Durante la genesi della membrana i componenti vanno portati oltre il periplasma:
- Proteine integrali: Devono foldarsi in loco e quindi usano il traslocone SEC che utilizza ATP per traslocare molecole all’esterno del citoplasma. Viene impiegato il complesso BAM (β-barrell assembly machine): il precursore della OMP è preso da SecB e passato al traslocone. Nel periplasma delle chaperonine lo mantengono disteso. Le Skp impediscono il folding della porina. Le proteine SurA portano la OMP al complesso BAM che fa assumere il corretto ripiegamento alla porina.
- Lipoproteine: Tramite il complesso LOL (Lipoproteins outermembrane localization) la lipoproteina viene portata da un trasportatore ABC (ATP binding cassette) nel periplasma. Qui una chaperonina LolA con cavità idrofobica riceve la lipoproteina e la trasferisce a LolB che la dispone nella corretta posizione.

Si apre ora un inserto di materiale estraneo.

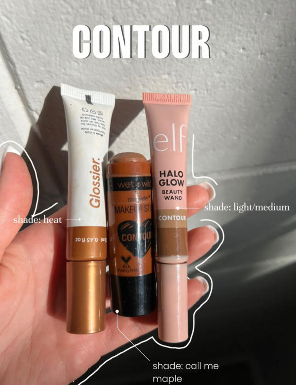 For dimension, I contour using my top three favorites: Glossier Solar Paint in Heat, Wet n Wild Contour Stick in Call Me Maple, and ELF Halo Glow Beauty Wand in Light/Medium. I focus on the cheekbones, forehead, and sides of the nose to create a natural, sculpted look that enhances the skin's glow.

- Lipopolisaccaridi: Si forma una grossa struttura proteica che attraversa il periplasma per portare gli LPS alla membrana esterna. Si sono identificate sette proteine Lpt che formano il ponte. Coinvolge un trasportatore ABC per portare nel periplasma la LPS. Il ponte ha un solco idrofobico che aggancia il lipide-A del LPS. La ATP viene idrolizzata per estrudere LPS dal citoplasma. LptA ha un ruolo di chaperon. LptD e LptE con una struttura a toro inseriscono LPS nella membrana esterna.
Gli LPS sono assemblati nel periplasma. L’antigene O è trasportato dal bactoprenolo mentre il Lipide A e il core sono trasportati attraverso MsbA. Nel periplasma le subunità sono polimerizzate da Wzy.
Periplasma: Spazio definito dalla membrana esterna e da quella citoplasmatica. Al suo interno c’è un peptidoglicano idrato in una matrice gelificata. Tutti questi enzimi contengono un segnale N-terminale specifico che li indirizza verso il periplasma. Lo spazio periplasmatico contiene:
- Binding proteins: Con funzione recettoriale e di trasporto. Sono fluttuanti nel gel in attesa del proprio ligando.
- Enzimi idrolitici
- Enzimi detossificanti: Tra cui il più importante è la β-lattamasi che espressa in maniera costitutiva o a feedback inibisce l’azione degli antibiotici come penicillina e cefalosporina.
- Enzimi metabolici: Come idrogenasi o nitrito reduttasi.
Giunzioni di Bayer: Parte delle componenti della membrana esterna sono formati non solo a seguito di secrezione ma anche perché si formano dei punti di contatto tra le due membrane. Queste giunzioni servirebbero al turnover dei LPS.